Ahmed al-Dabba
November 30, 2010 - 1:00am

GAZA, Nov. 29 (Xinhua) -- Gaza flower grower Hamdan Hejazi could not hide his happiness as his roses now can be exported to Europe despite an Israeli ban on export.

Hejazi, who inherited the business from his ancestors, hopes to export more than 7 million roses to Holland if the borders remain open.

Looking at the trucks carrying his flowers, he sighed with relief, hoping this season would compensate the losses he suffered during the past years of the Israeli blockade that started in 2006.

Israel on Sunday allowed the exports of flowers and strawberries, letting two trucks loaded with 20,000 roses and 5 tons of strawberries to leave Gaza through Kerem Shalom crossing in southeast the strip to be sold in the European markets.

The decision came after numerous discussions between Palestinian organizations representing the farmers as well as pressures on Israel from the Dutch government, which buys most of the products.

"This is the second time we can send our flowers to Europe since the siege started," said Hejazi, who owns the largest greenhouse in Rafah town in southern Gaza Strip.

Israel imposed a blockade on Gaza after Islamic Hamas movement won legislative elections in 2006. Israel further tightened the blockade following Hamas takeover of the seaside territory by force in 2007.
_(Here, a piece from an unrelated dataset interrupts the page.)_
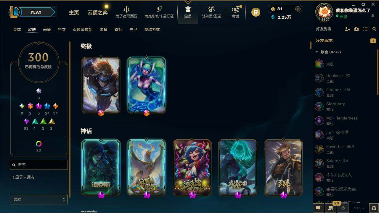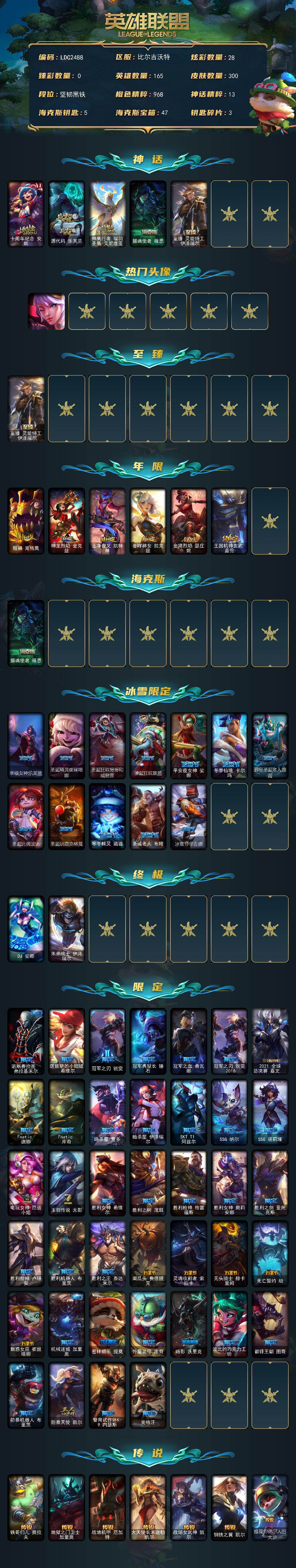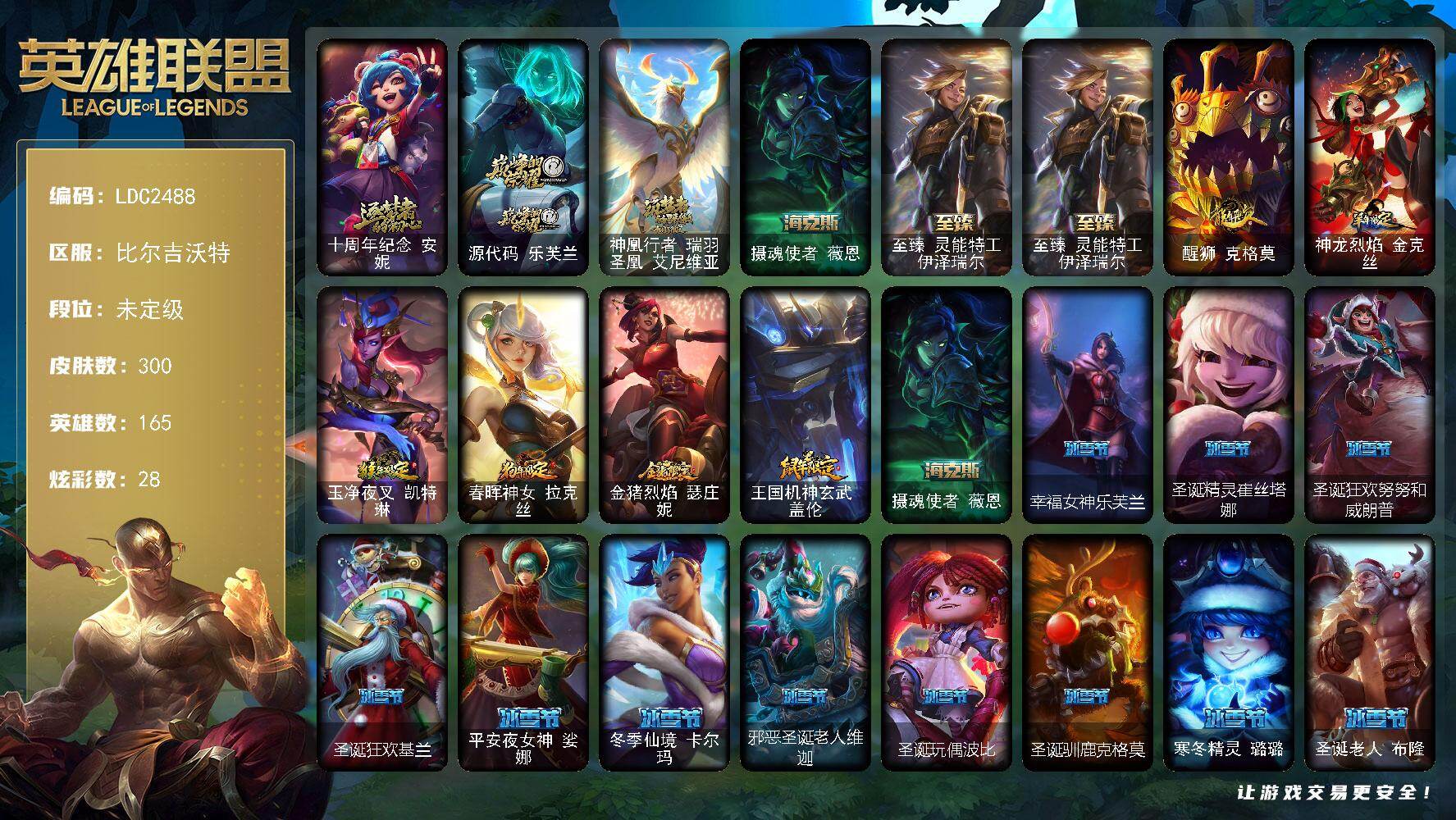 【464377】【LDC2488】165英雄/300皮肤/2终极/5神话/57限定/28炫彩/34传说/62史诗/未定级/十周年纪念安妮/源代码乐芙兰/神凰行者瑞羽凤凰艾尼维亚/摄魂使者薇恩/至臻灵能特工伊泽瑞尔/觅心之翼奎因/醒狮克格莫/神龙烈焰金克丝/玉净夜叉凯特琳/春晖神女拉克丝/金猪烈焰瑟庄妮/王国机神玄武盖伦/幸福女神乐芙兰/圣诞精灵崔丝塔娜/圣诞狂欢努努和威朗普/圣诞狂欢基兰/平安夜

Ahmed Shafey, head of the Cooperative Agricultural Organization, an umbrella group representing flower and strawberry growers in Gaza, said flower growers grow around 550,000 square meters of different kinds of roses every season.

The Dutch government funds most of the flower and strawberry farms and greenhouses with seeds, fertilizers and pays for the workers.

"But they had to trim it down to 300,000 square meters for fear that Israel may not open the borders for exports," said Shafey, adding that flower growing provides at least 3,000 Palestinians with jobs during the season, which starts in November and ends in May.

As for the flowers, the revenue is expected to be around 6 million U.S. dollars, as at least 30 million roses and 700 tons of strawberry would be shipped, said Shafey.

"I hope the crossings will remain open to export our roses, otherwise they will be animals' food like the past years," says Hejazi.

Hejazi is very happy because his roses will decorate the Christmas tree and be given as gifts on Valentine's Day in Europe.

"My flowers will be means to spread peace in the world, this is a message to the whole world that peace and love start from Gaza," said Hejazi as he watched female workers packing flowers for exports.